To Lay to Rest Our Ghosts can sound depressing in the description, but Summie’s empathy for her characters’ humanity is so strong, and her prose so lovely, that a palpable warmth emanates from the stories despite their physically frigid settings. I look forward to the publication of her first novel.
The Virginity of Famous Men: Stories (Tortoise Books)
By Christine Sneed
Christine Sneed is an astute observer of contemporary life, as she demonstrated in her debut collection, Portraits of a Few of the People I’ve Made Cry, and her 2015 novel, Paris, He Said, which dissected a complicated May-December relationship. In her latest collection, she probes the contrast between expectation and reality, and the many ways in which we fool ourselves about who we are, what we want, and the choices we make. The characters in these stories are flawed but recognizably human and they earn our compassion. And while Sneed exposes the truth about them, she clearly feels empathy for their all-too-familiar struggles.
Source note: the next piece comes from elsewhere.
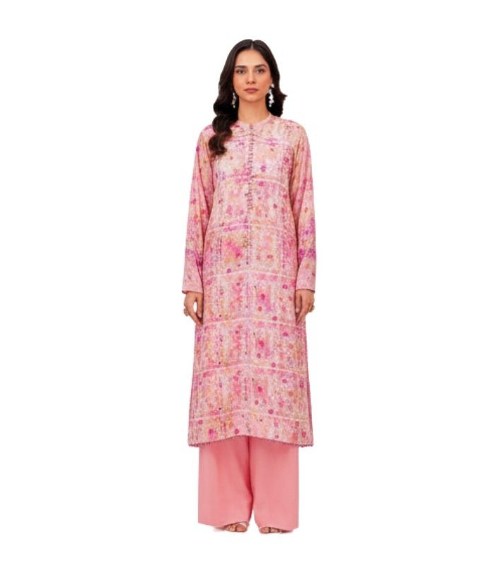 The shirt features artistic digital floral prints arranged across the fabric, creating a lively yet refined appearance. Bright shades of hot pink, rose pink, soft blush and light orange blend harmoniously with the peach background, adding depth and vibrancy to the design.

Small but irrevocable actions occur and lives are changed.
What really stands out in this collection is the range of Sneed’s content and style. “The All-New, True CV” shows off her skills in biting social commentary and satire. “The Prettiest Girls” follows a location scout to Mexico, where he encounters an aspiring actress who views him as a ticket to stardom. “Clear Conscience” immerses readers in a family drama centered on a particularly thorny ethical dilemma. The title story revisits the protagonist from Sneed’s debut novel, Little Known Facts, as he labors under the weight of his actor father’s legend and persona.
Sneed’s stories are serious and shaded, as if sketched with charcoal, but they move quickly, highlighted by her realistic dialogue and frequent insights into the human heart.